▸ **ACTION ITEM**: Starting with the line that contains "岳阳县融媒体中心6月20日讯" and stopping after the line that contains "Bowl with Loop-Handle", copy the entries below exactly. Include nothing else.

▸ **EXERCISE INPUTS**:
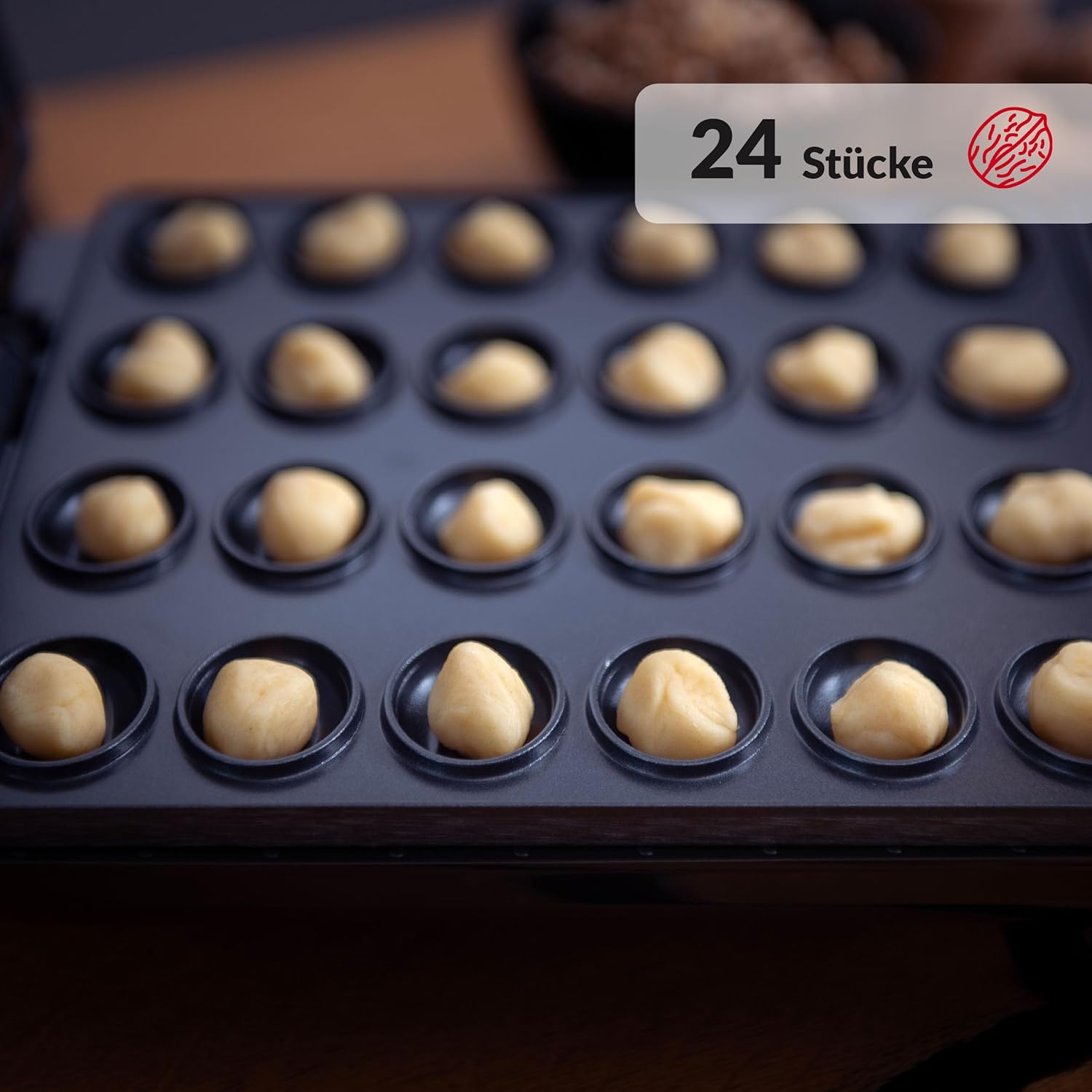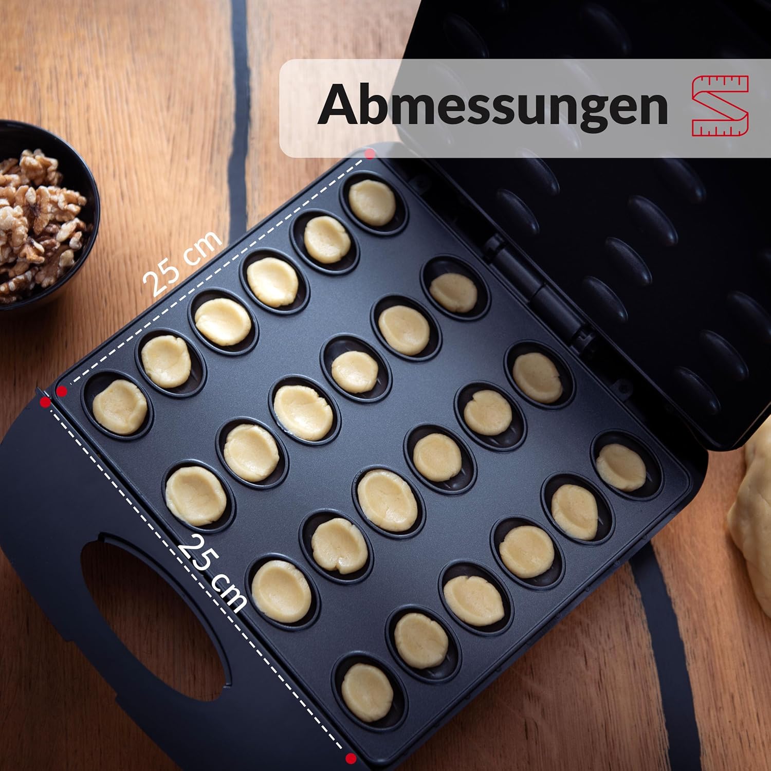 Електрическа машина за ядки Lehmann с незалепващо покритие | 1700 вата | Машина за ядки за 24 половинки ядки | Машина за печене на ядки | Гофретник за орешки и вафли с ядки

--

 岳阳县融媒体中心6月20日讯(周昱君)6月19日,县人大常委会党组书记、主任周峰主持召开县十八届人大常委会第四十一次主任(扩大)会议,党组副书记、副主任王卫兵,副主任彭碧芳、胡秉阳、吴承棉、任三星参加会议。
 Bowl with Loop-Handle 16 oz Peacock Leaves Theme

▸ **SOLUTION BELOW**:
 岳阳县融媒体中心6月20日讯(周昱君)6月19日,县人大常委会党组书记、主任周峰主持召开县十八届人大常委会第四十一次主任(扩大)会议,党组副书记、副主任王卫兵,副主任彭碧芳、胡秉阳、吴承棉、任三星参加会议。
 Bowl with Loop-Handle 16 oz Peacock Leaves Theme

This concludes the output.